A retired Air Force general who was known as the father of “strategy to task,” and was instrumental in the development and implementation of new weapon systems during the last half of the 20th Century passed away April 25, at the age of 96.
Retired Lt. Gen. Glenn A. Kent spent more than three decades as an Army Air Corps and Air Force officer, becoming influential in the development, analysis and implementation of new weapons systems for the Department of Defense. He retired from the Air Force in 1974 as the director of the Weapon Systems Evaluation Group, Office of the Director of Defense Research and Engineering, with the Office of the Secretary of Defense.
Kent was considered to be one of the premier analytical thinkers of all time and considered a visionary of defense analyses still in use today.

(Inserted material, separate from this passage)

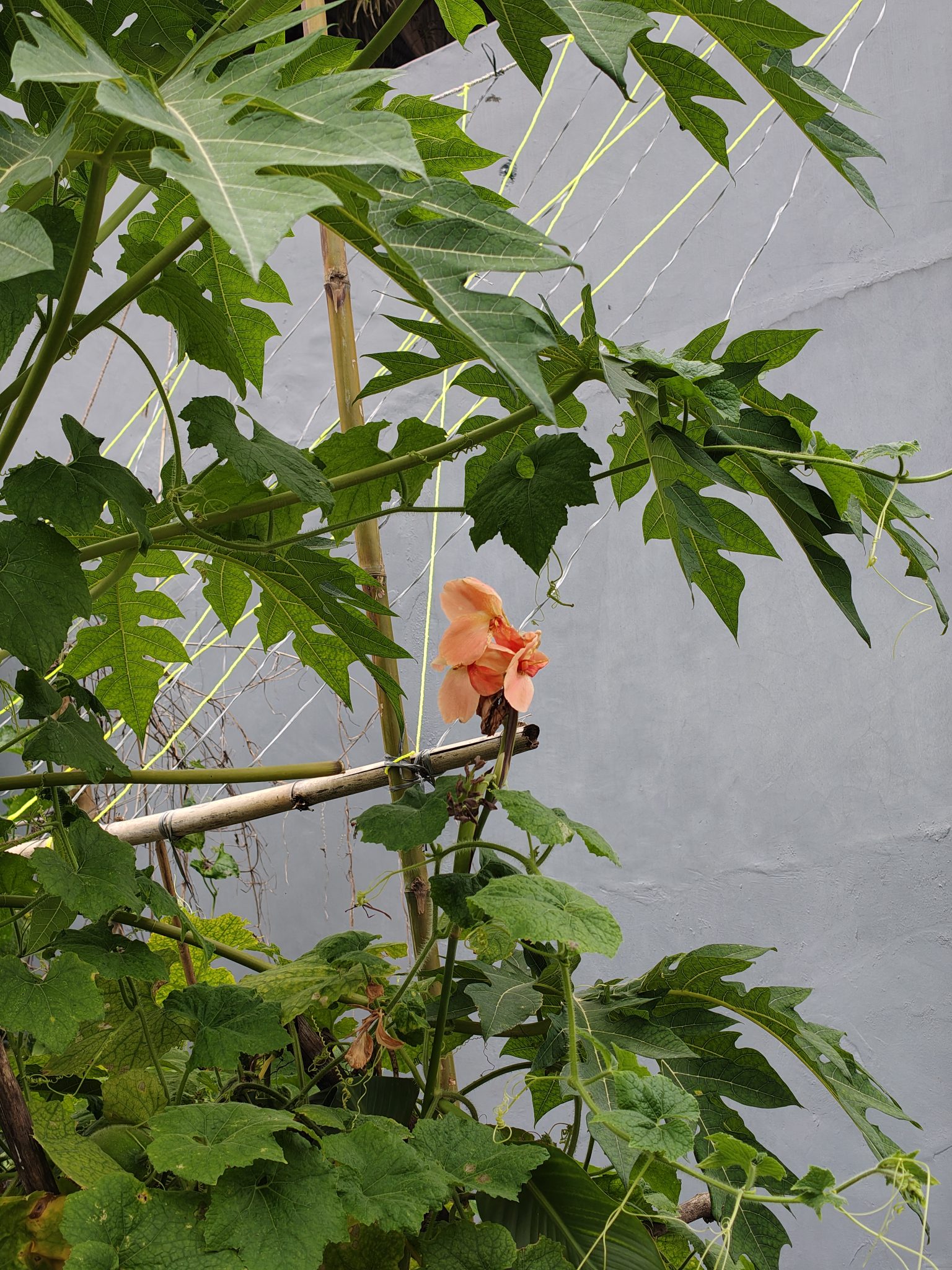 Alternative Text: A vibrant scene featuring a cluster of broad green leaves, with a delicate peach-colored flower blooming among them.

In his memoir “Thinking about America’s Defense,” Kent provided a summary of national security issues he personally engaged over his career.
In addition to creating the concept of a single integrated operation plan, Kent also led DoD’s official assessment of strategic defenses throughout the 1960s and helped bring new weapon systems to life. He also developed and analyzed strategic nuclear arms control agreements that did much to lead to the end of the Cold War.
Kent began his military career in 1941 when he joined the Army Air Corps as a cadet and completed training in meteorology at the California Institute of Technology in 1942. His first assignment took him to Goose Bay, Labrador, Canada, as a weather officer, and later during World War II was assigned to Greenland in a similar capacity.
Over a career spanning more than 33 years, Kent had numerous assignments in the weapons field with positions that ranged from research and development to planning, strategy and policy-making at the Headquarters, U.S. Air Force and Department of Defense levels.
After earning a bachelor’s degree from Western State College of Colorado, Gunnison, in 1936, Kent went on to earn degrees from the Naval Post Graduate School in Annapolis, Md., and the University of California at Berkley.
After his retirement from the Air Force, Kent spent more than 20 years as a defense analyst for the Rand Corp.
Kent’s legacy continues today with the Lt. Gen. Glenn A. Kent Leadership Award, which recognizes leadership for the analytic community.
According to a senior Air Force official, while our nation was facing the Cold War and the Vietnam conflict, General Kent contributed critical thought and sound analysis to help convince leaders that a single command with an integrated operations plan should be responsible to organize and employ our strategic forces. His visionary concepts laid the way to the end of the Cold War two decades later.
“General Kent compels us to think logically as well as to study the lessons experienced by those before us –how they prevailed, adapted and modernized. These insights can help us maintain a competitive edge over our foes now and in the future.”